Home / Guides / Credit

What Is a Good Credit Score to Buy a House?

Educational only. This guide is general information, not financial, legal, or tax advice. Rules, rates, and limits change — verify current figures with official sources before acting, and consider a qualified professional for your situation.

The short answer: you can often get a mortgage with a score in the low 600s, and sometimes the 500s — but the best interest rates generally go to borrowers around 740 and above. Exact requirements vary by lender and can change, so treat these as common baselines rather than guarantees.

Typical minimums by loan type

Loan typeCommonly cited minimum score
Conventional620
FHA (3.5% down)580
FHA (10% down)500
VANo official minimum; many lenders want ~580–620
USDANo official minimum; many lenders want ~640

These are program guidelines — individual lenders often set higher bars (called “overlays”), and approval also depends on your income, debts, and down payment, not just the score.
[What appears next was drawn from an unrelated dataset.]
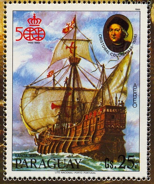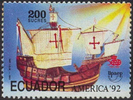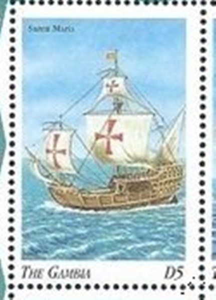 The ships Columbus used on his voyages to the New World are depict on many stamps; one of this is the Libya stamp of 1993 of 50dh.
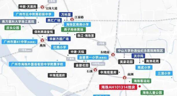 项目距离地铁2号线和广佛线交汇的南洲站仅约400米,交通便利。周边还有广州绕城高速和广州大道交汇,位置“四通八达”。尽管地块被不少主干道包围,可能面临噪音和粉尘干扰的问题,但其便捷的交通网络仍然使其成为理想居住选择。

Why the score matters beyond approval

Your score affects your rate, and small rate differences are enormous over 30 years. Conventional loan pricing uses tiers (typically 620, 640, 660, 680, 700, 720, 740, 760+), and moving up even one tier can lower your rate. On a $300,000 loan, a half-percent rate difference can mean roughly $30,000–$35,000 over the life of a 30-year loan, depending on rates at the time.

Which score do lenders actually use?

Mortgage lenders have traditionally pulled FICO scores from all three bureaus and used the middle one (or the lower middle score between co-borrowers). The mortgage industry has been transitioning to updated scoring models, so the exact version may differ by lender — but the practical advice is the same: the free score in your banking app is an estimate, not necessarily what a lender will see.

If your score isn’t there yet

The fastest levers are usually paying down credit card balances (utilization updates quickly — try our credit utilization calculator), disputing genuine errors on your reports at AnnualCreditReport.com, and avoiding new credit applications in the months before you apply. Late payments hurt most when recent, so a clean recent record helps even if older marks remain.

A good move before house shopping: check your debt-to-income ratio too, since lenders weigh it alongside your score.